The Hargreaves Review should be the biggest piece of IP news this month. We have been promised all along that it will report in April 2011 and there's not much time left. I have had plenty of other things to think about recently, but there's a small break from the relentless flood of pressing obligations and anyway I need to be ready to cover Hargreaves in my next podcast - so I went looking for news of progress.

First I went to the (independent) Review's pages on the Intellectual Property Office website. Obviously my understanding of the word "independent" in this context is somewhat old-fashioned. I assume that the IPO is just generously providing a facility for the Review, which is exactly the sort of public-spirited activity that I always thought we had a government for rather than all the superficial promotional work the IPO does to raise awareness of the intellectual property system ... not to mention its ridiculous name-changing and the attendant waste of taxpayers' money on trade mark applications that should be completely unnecessary ...

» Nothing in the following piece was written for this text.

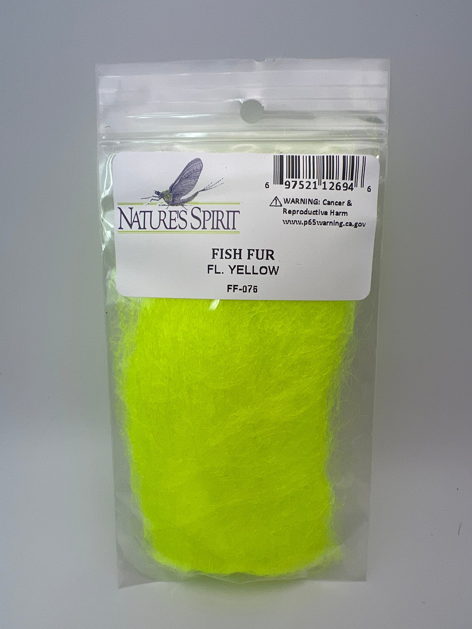 Pure 100% Trilobal fiber averaging 5" in length. This amazingly this and shiny fiber is a perfect materials for streamers of all kinds. From small Thin baitfish, stacking it for streamer heads, or ever twisting in down for a body wrap, fish fur fits all your needs.

The Review pages on the IPO website are not very informative about where it's got to and when the report will be out. Indeed, the home page hasn't been updated since 25 March - and the rest of the site is older still. There's a blog attached to it (which I mentioned in a recent podcast) but that too is up to date to 25 March - which is to say, not up to date at all. And the blog invites us to follow the Review on Twitter - which I find I was already doing, but hadn't noticed because there have been no Tweets since 25 March.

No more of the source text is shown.